As the development of semiconductor devices, manufacturing system leads to improve productivity and efficiency for wafer fabrication. Owing to such improvement, the number of wafers yielded from the fabrication process has been rapidly increasing. However, current software systems for semiconductor wafers are not aimed at processing large number of wafers.
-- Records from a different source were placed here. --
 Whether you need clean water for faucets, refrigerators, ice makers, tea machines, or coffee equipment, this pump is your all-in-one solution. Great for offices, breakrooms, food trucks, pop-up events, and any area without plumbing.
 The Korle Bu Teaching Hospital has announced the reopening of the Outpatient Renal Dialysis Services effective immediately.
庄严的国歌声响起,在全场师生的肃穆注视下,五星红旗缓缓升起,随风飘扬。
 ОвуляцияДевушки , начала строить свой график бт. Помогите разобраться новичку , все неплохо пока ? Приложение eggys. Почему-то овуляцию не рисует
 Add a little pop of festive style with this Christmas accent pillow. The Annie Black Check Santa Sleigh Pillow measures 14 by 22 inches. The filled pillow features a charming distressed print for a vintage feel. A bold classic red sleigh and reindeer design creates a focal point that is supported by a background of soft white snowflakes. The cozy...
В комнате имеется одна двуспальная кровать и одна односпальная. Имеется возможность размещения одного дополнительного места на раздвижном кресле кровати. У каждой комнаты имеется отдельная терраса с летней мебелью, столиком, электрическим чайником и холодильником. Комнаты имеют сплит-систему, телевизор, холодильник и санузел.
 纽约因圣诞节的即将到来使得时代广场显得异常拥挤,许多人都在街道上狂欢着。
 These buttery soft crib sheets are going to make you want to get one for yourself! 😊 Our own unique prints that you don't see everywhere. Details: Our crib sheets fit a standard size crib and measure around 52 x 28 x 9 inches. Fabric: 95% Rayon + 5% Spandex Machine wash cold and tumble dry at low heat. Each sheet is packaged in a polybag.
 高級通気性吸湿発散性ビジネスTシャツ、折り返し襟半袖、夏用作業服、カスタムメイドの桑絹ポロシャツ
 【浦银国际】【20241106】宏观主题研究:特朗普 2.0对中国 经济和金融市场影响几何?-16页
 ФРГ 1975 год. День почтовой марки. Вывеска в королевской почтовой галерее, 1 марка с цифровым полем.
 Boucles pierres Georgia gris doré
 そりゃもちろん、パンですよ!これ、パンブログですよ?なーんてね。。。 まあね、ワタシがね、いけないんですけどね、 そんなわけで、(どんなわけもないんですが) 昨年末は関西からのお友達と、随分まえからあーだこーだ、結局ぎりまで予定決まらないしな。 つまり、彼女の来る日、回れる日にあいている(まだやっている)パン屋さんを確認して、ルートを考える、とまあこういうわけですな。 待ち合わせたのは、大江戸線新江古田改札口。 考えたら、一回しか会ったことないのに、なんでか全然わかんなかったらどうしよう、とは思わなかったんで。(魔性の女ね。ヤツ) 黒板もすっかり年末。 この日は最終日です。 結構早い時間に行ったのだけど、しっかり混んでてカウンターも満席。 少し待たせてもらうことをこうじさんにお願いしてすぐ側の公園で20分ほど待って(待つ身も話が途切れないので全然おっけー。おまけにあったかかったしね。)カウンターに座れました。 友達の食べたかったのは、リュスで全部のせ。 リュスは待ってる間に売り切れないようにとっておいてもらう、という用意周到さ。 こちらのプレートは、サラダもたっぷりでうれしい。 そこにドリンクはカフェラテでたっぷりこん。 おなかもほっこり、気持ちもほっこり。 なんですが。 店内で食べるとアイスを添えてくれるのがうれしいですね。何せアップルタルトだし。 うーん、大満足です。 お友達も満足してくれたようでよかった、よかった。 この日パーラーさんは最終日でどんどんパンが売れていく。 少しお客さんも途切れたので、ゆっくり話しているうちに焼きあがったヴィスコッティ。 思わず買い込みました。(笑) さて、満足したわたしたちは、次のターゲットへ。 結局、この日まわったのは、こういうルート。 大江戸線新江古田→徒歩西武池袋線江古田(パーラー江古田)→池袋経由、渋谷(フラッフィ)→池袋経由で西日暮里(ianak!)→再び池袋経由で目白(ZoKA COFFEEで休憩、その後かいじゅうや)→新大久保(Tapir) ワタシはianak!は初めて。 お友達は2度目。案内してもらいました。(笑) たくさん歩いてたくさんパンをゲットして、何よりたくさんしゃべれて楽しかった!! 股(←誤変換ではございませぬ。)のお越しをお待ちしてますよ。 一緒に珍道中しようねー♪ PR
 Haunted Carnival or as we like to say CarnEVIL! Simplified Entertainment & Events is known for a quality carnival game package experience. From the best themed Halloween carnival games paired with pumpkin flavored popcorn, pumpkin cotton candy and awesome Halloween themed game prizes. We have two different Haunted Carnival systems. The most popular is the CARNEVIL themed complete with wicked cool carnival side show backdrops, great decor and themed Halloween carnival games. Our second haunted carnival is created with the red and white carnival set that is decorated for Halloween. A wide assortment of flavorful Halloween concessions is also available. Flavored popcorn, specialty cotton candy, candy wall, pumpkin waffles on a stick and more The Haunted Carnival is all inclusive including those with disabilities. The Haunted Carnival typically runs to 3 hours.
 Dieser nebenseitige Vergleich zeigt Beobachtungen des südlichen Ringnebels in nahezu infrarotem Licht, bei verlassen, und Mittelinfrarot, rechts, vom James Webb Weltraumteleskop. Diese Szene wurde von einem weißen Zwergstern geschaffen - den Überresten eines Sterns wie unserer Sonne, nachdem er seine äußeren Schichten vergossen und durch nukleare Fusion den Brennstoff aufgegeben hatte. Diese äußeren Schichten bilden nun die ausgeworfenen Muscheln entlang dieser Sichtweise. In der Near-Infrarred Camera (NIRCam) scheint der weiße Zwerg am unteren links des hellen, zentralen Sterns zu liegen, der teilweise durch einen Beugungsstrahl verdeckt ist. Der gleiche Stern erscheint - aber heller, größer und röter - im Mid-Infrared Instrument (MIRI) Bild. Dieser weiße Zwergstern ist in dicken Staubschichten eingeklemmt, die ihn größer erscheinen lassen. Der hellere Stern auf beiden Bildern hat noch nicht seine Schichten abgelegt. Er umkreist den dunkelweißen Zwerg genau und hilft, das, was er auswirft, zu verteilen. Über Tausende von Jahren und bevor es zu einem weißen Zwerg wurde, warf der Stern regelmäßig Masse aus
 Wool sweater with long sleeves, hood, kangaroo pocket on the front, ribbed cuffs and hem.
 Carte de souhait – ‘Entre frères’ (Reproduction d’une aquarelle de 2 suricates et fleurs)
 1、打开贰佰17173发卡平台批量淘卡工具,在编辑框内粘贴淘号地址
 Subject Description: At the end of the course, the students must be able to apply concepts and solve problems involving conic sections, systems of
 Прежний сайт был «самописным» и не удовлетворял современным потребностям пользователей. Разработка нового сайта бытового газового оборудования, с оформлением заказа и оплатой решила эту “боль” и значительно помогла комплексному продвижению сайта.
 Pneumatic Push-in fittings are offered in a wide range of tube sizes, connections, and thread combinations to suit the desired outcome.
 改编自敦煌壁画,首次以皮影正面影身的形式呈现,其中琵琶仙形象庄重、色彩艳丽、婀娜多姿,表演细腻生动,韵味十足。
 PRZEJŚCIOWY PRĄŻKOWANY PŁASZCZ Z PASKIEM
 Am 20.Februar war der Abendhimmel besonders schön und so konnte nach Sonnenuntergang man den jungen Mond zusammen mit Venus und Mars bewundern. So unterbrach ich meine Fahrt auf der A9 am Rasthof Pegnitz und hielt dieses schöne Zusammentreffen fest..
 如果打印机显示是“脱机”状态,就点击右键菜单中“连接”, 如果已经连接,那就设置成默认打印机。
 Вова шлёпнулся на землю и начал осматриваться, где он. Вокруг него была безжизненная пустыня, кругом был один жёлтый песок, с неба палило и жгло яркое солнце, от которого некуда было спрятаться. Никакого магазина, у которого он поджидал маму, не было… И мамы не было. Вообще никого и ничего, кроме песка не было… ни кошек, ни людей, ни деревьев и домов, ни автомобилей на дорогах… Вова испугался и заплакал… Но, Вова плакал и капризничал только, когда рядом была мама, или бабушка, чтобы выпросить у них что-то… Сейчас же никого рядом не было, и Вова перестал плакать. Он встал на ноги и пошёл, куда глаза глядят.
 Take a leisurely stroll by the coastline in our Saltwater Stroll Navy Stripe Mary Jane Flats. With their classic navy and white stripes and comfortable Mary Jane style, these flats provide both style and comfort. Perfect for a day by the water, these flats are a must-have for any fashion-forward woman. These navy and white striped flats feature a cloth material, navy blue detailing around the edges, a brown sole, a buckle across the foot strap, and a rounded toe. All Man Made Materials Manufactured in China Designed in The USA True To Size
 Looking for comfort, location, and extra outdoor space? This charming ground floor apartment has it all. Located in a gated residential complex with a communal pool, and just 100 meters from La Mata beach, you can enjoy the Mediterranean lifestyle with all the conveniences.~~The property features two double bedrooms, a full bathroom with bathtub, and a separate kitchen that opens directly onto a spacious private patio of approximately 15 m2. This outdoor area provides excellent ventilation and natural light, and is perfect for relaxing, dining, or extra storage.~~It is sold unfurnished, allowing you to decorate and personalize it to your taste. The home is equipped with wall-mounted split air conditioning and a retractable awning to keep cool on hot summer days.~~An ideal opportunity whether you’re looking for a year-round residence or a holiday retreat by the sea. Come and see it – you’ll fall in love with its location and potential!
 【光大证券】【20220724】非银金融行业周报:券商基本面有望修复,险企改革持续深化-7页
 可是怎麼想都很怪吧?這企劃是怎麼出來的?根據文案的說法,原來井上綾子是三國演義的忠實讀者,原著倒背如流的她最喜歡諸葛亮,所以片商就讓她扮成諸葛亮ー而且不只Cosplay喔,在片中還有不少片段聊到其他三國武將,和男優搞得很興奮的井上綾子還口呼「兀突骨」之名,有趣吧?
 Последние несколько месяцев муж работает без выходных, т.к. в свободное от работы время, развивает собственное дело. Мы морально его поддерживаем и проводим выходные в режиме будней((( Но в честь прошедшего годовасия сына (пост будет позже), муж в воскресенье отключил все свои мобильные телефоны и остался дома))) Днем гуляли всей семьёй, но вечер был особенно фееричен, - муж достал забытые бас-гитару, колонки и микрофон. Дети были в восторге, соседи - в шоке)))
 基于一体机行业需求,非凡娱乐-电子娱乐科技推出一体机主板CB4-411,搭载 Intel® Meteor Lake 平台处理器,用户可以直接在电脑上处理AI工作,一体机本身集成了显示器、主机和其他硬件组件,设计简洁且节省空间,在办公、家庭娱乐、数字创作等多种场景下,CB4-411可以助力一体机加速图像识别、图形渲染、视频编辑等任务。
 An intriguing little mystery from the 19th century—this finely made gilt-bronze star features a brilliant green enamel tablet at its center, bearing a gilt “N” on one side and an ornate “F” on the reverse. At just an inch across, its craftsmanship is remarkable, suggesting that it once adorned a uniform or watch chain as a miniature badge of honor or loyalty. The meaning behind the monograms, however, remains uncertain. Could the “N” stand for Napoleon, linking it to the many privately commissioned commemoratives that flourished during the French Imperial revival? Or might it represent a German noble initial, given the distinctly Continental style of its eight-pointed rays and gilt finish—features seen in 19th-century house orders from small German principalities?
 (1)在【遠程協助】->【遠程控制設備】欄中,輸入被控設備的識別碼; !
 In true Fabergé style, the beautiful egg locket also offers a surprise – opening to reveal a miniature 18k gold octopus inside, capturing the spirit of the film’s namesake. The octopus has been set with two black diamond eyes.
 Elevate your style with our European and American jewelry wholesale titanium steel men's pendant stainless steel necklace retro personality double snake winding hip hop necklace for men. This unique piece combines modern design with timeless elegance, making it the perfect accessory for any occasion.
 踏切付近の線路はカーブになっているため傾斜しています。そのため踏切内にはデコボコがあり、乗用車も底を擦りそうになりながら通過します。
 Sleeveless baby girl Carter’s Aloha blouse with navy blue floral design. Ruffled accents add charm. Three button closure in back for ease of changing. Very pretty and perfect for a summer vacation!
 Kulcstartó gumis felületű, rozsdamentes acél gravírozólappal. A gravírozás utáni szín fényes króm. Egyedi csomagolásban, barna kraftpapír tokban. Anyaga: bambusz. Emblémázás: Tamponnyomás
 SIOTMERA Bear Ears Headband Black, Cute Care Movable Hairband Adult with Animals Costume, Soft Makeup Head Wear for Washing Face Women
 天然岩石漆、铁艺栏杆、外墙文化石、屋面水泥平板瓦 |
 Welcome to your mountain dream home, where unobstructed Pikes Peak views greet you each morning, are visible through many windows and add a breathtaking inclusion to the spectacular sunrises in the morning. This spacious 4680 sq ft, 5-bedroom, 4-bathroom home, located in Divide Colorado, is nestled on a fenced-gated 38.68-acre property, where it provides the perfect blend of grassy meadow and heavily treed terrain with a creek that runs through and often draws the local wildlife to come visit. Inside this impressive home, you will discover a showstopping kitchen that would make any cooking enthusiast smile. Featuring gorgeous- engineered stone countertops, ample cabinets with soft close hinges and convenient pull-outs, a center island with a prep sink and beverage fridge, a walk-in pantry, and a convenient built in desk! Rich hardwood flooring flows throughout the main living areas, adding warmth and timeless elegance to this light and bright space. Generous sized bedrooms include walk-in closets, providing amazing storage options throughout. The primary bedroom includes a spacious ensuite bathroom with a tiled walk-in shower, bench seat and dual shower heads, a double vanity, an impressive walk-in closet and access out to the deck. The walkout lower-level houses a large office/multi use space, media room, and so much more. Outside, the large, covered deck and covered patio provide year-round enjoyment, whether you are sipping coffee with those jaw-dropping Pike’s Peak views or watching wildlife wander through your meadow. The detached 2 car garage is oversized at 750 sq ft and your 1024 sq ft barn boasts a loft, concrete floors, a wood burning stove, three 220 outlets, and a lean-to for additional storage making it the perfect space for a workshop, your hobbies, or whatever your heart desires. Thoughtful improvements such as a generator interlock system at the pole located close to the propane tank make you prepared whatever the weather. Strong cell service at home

To resolve this issue, the BISTel (a world-class provider of manufacturing intelligence solutions and services for manufacturers) tries to build several products for big data such as Trace Analyzer (TA) and Map Analyzer (MA) using Apache Spark. TA is to analyze raw trace data from a manufacturing process. It captures details on all variable changes, big and small and give the traces’ statistical summary (i.e.: min, max, slope, average, etc.). Several BISTel’s customers, which are the top-tier semiconductor company in the world use the TA to analyze the massive raw trace data from their manufacturing process. Especially, TA is able to manage terabytes of data by applying Apache Spark’s APIs. MA is an advanced pattern recognition tool that sorts wafer yield maps and automatically identify common yield loss patterns. Also, some semiconductor companies use MA to identify clustering patterns for more than 100,000 wafers, which can be considered as big data in the semiconductor area. This talk will introduce these two products which are developed based on the Apache Spark and present how to handle the large-scale semiconductor data in the aspects of software techniques.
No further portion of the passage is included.